Previous studies⁵⁷ in the trustworthy AI field have utilized other similarity-based metrics in the latent representations for OOD detection. However, these methods may not be ideally suited for direct application in identifying transition states for protein conformational changes. For example, one can directly detect OOD samples at the state boundaries on the hypersphere and treat them as transition states structures. However, this method may not be well-suited for identifying transition states in our TS-DAR model. This is because the VAMP-2 loss in TS-DAR is designed to optimize the slowest dynamic modes, rendering state boundaries less sensitive and thereby limiting its ability to accurately pinpoint transition state conformations. As shown in SI Fig. S3b, MD conformations located at the state boundaries in the Müller potential do not accurately correspond to true transition states. Recent approaches^64,69 including CIDER aim to detect low-density regions in the latent space as OOD samples, which may serve as potential transition state structures in our context. However, these methods may overlook the transition states separated by relatively low free energy barriers or incorrectly classify the low-density regions as transition states. For example, choosing an appropriate density threshold to concurrently identify two transition states of the Müller potential is challenging. With a density threshold set at $\exp (-7.2{\mbox{k}}T)$, only the transition state between states 1 and 2 can be identified (SI Fig. S4c). Reducing the threshold to $\exp (-6{\mbox{k}}T)$ enables the identification of the transition state between states 2 and 3. However, in this case, the transition state between states 1 and 2 becomes poorly defined (SI Fig. S4d).

TS-DAR outperforms MSM’s committor probabilities and MaxEnt-VAMPNets in identifying transition states for the Müller potential

The Müller potential exhibits three potential energy basins, with two transition states, positioned between them (Fig. 2a). We trained our TS-DAR model by specifying 3 metastable states. The validation curves are depicted in Fig. S2a, and more training details are in the Methods section. With the trained model, we first plotted the OOD scores of all MD conformations in the latent hyperspherical space (Fig. 3a). As shown in Fig. 3b, the MD conformations positioned between the state centers consistently align with those located at the summit of the energy barriers. This facilitates the straightforward identification of transition state structures. In the three-state model, both transition states situated between the three energy basins are simultaneously captured (Fig. 3b). If one’s interest lies solely in the transition state associated with the highest energy barrier (TS12), we show that a two-state TS-DAR model can also accurately identify this transition state (SI Fig. S5).

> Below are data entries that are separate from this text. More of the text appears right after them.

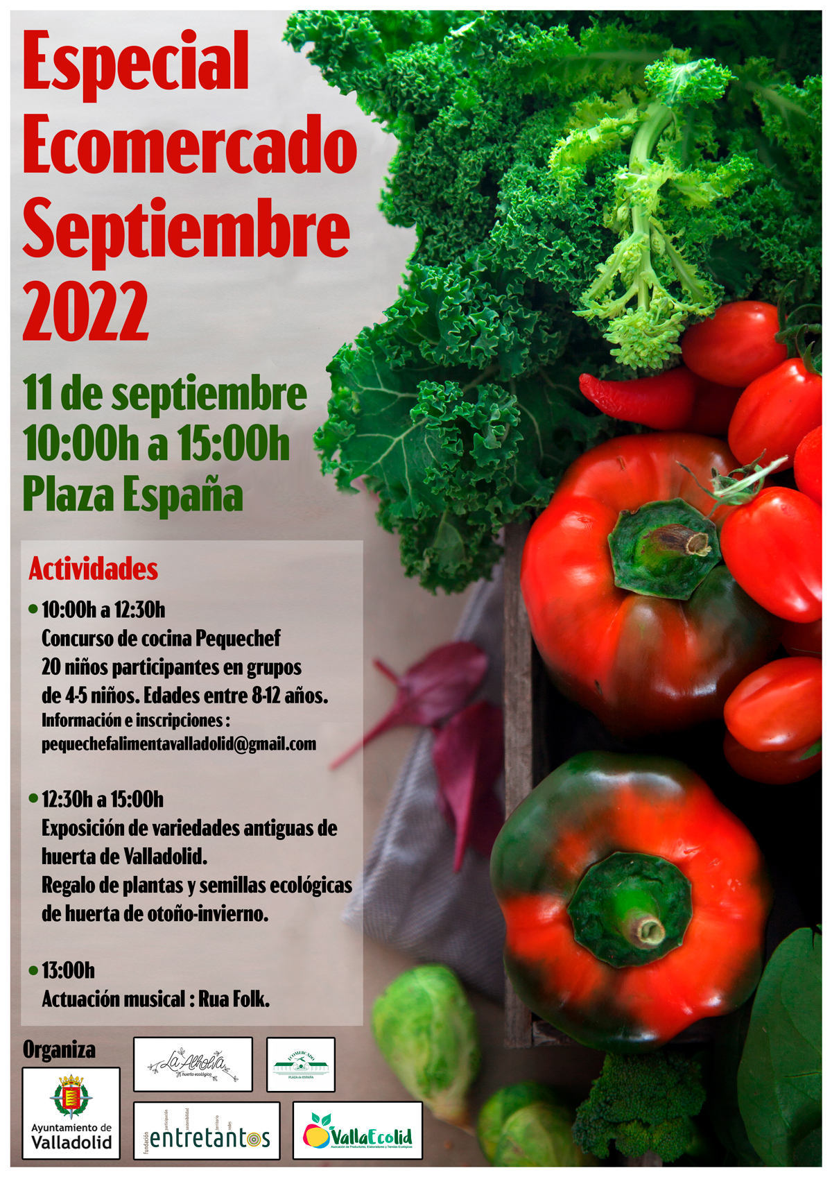 A las 10 de la mañana comienza el primer concurso Pequechef, en el que varios grupos de niños y niñas deberán sacar adelante una receta realizada exclusivamente con productos a la venta en el Ecomercado. Pueden participar, de forma gratuita, niñas y niños de entre 8 y 12 años previa inscripción en el correo pequechefalimentavalladolid@gmail.com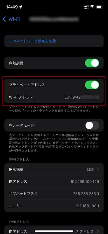 Wi-Fiのプライベートアドレスの設定に注意(3/5)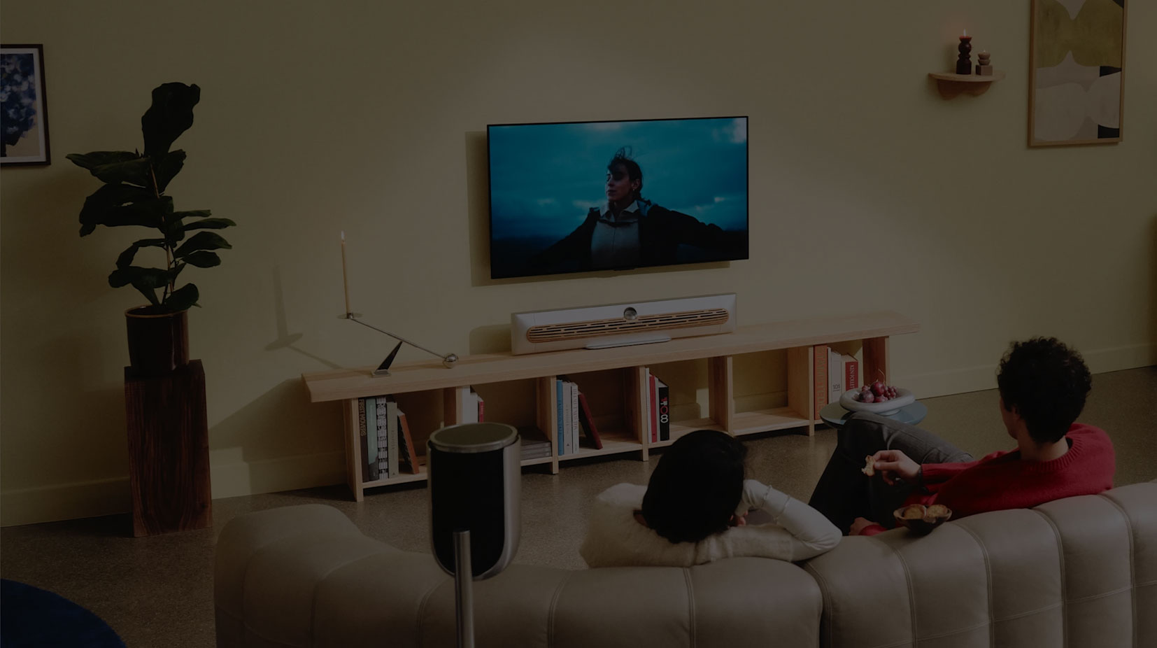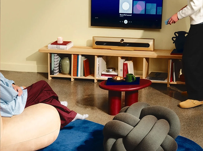 Pritisnite plej za bioskopski zvuk. Sa Beosound Premiere u svom centru, ovaj sistem okružujućeg zvuka dokazuje da je manje više.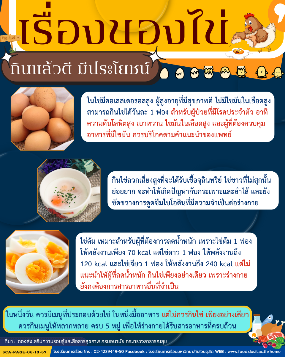 “ในหนึ่งวัน ควรมีเมนูที่ประกอบด้วยไข่ ในหนึ่งมื้ออาหาร แต่มึควรกินไข่ เพียงอย่างเดียว ควรกินเมนูให้หลากหลาย ครบ 5 หมู่ เพื่อให้ร่างกายได้รับสารอาหารที่ครบถ้วน”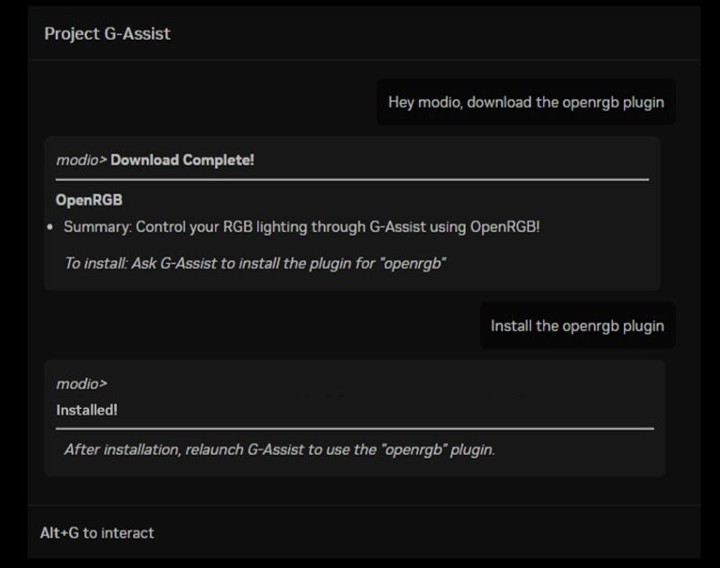 Em colaboração com a Mod.io, a Nvidia desenvolveu o aplicativo G-Assist Plug-In Hub, que oferece aos usuários acesso fácil às novas extensões oficiais do Project G-Assist, além de encontrar e baixar modificações amadoras. Após instalar a atualização, o usuário pode perguntar diretamente ao Project G-Assist quais novas extensões estão disponíveis e usar linguagem natural para solicitar a instalação.

We next demonstrate that our TS-DAR outperforms two previously developed methods, MaxEnt-VAMPNets³⁶ and MSM’s committor probabilities (MSM-committor)¹⁵, in identifying the transition states for the Müller potential. For MaxEnt-VAMPNets, the VAMPnets model was trained with three states (see SI Sec. 3 for details). Regarding committor probabilities, the Müller potential was first discretized into 1,000 microstates using k-centers clustering. Committor probabilities were then computed based on the 1,000-state MSM by specifying the source and sink states (see SI Section 4 for details). As shown in Fig. 3f, MaxEnt-VAMPNets mistakenly identified the energy basin 1 instead of the energy barrier as the transition state region, characterized by high Shannon entropy. We anticipate that this misidentification occurs because the Shannon entropy computed from VAMPnets’ outputs lacks direct physical connections with the true uncertainty measures of MD data, either in terms of transitioning in or out of energy basins. Regarding MSM-committor, its performance is heavily dependent on the selection of the source and sink states (SI Fig. S6a, c). When the source and sink states are small (each containing only one microstate), MSM-committor can identify the correct transition state region for TS12, despite assigning relatively low committer probabilities of ∼0.3 for true transition state structures obtained from the analytical solution (Fig. 3d). Strikingly, for TS23, MSM-committor erroneously predicts a broad transition state region including even the entire energy basin 1 (Fig. 3e). In this scenario, microstates in the energy basin 1 that are far away from the sink and source states are wrongly categorized as transition states. These remote states might have weak connections with sink and source states, and therefore share an equal probability of transitioning to either, leading to the misidentification as shown in Fig. 3e. When the source and sink states are relatively large (e.g., containing 100 and 10 most populated microstates for TS12 and TS23, respectively), MSM-committor can successfully uncover the correct regions for both transition states (SI Fig. S6b, d).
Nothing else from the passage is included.